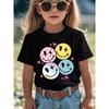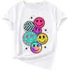 European sizes Summer Fashion Short-Sleeve T-Shirt for Girls Featuring a Checkered Pattern with Heart And Star Eye Cartoon Prints
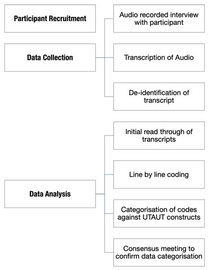 Thematic Content Analysis was used to analyse data collected from semi-structured interviews. The tenets of the UTAUT [] were then deductively applied. The UTAUT was designed to be used in quantitative research to develop questionnaires based on key constructs. However, researchers have adapted the model outside this context. This has included applying the UTAUT to characterise factors in the literature that enable adoption of EMRs [], to deductively analyse qualitative interview data [,] and to design semi-structured interview guides based on UTAUT constructs. Refer to Figure 1 to see a process diagram showing how the study data was collected and analysed
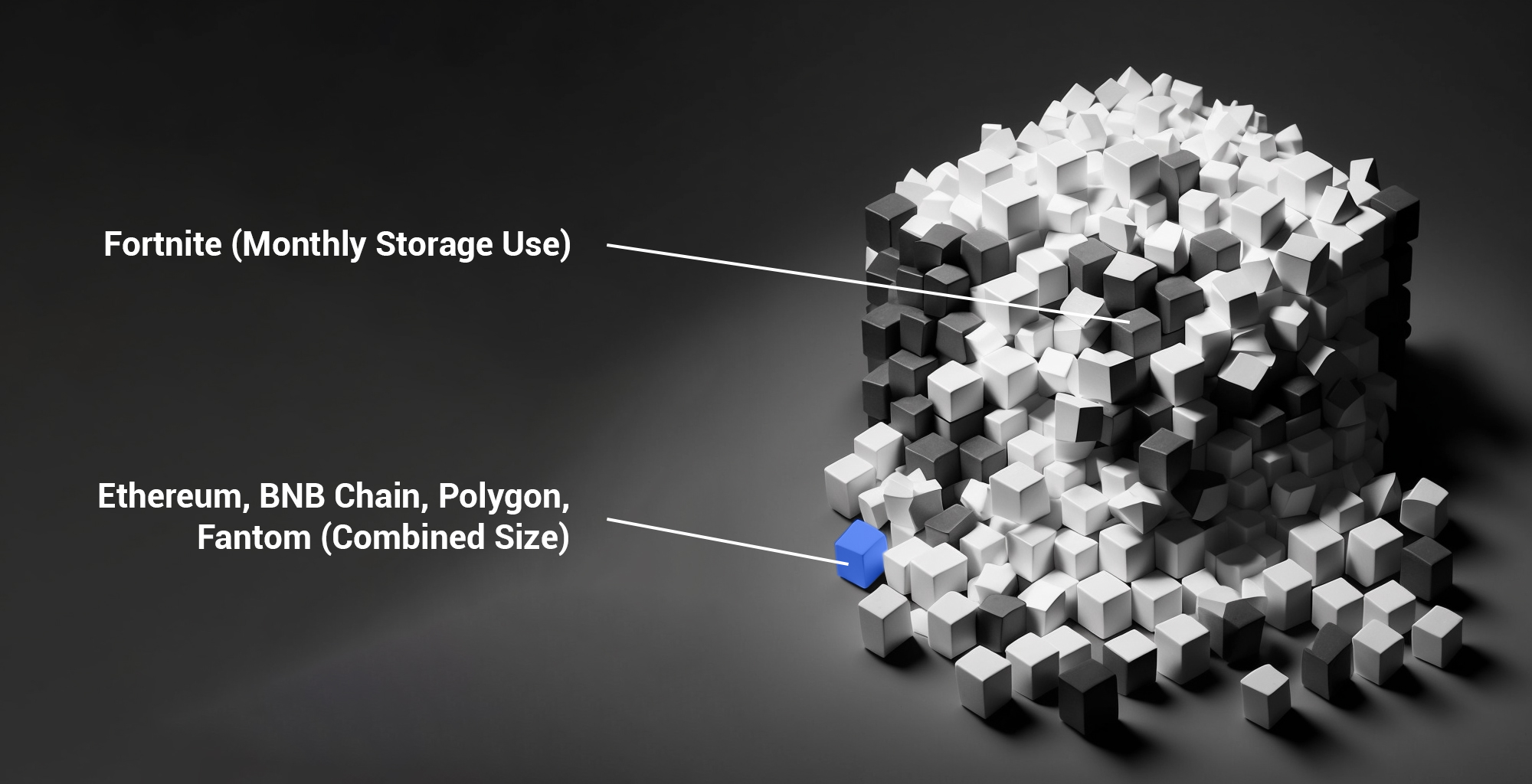 Every month, Epic Games deals with 2,000 terabytes of data to keep Fortnite running. In other words, around 300x the entire storage used by Ethereum, BNB Chain, Polygon, and Fantom combined.

◆ Instructions to follow
Copy out the material word for word, without any images.

◆ Response
 European sizes Summer Fashion Short-Sleeve T-Shirt for Girls Featuring a Checkered Pattern with Heart And Star Eye Cartoon Prints
 Thematic Content Analysis was used to analyse data collected from semi-structured interviews. The tenets of the UTAUT [] were then deductively applied. The UTAUT was designed to be used in quantitative research to develop questionnaires based on key constructs. However, researchers have adapted the model outside this context. This has included applying the UTAUT to characterise factors in the literature that enable adoption of EMRs [], to deductively analyse qualitative interview data [,] and to design semi-structured interview guides based on UTAUT constructs. Refer to Figure 1 to see a process diagram showing how the study data was collected and analysed
 Every month, Epic Games deals with 2,000 terabytes of data to keep Fortnite running. In other words, around 300x the entire storage used by Ethereum, BNB Chain, Polygon, and Fantom combined.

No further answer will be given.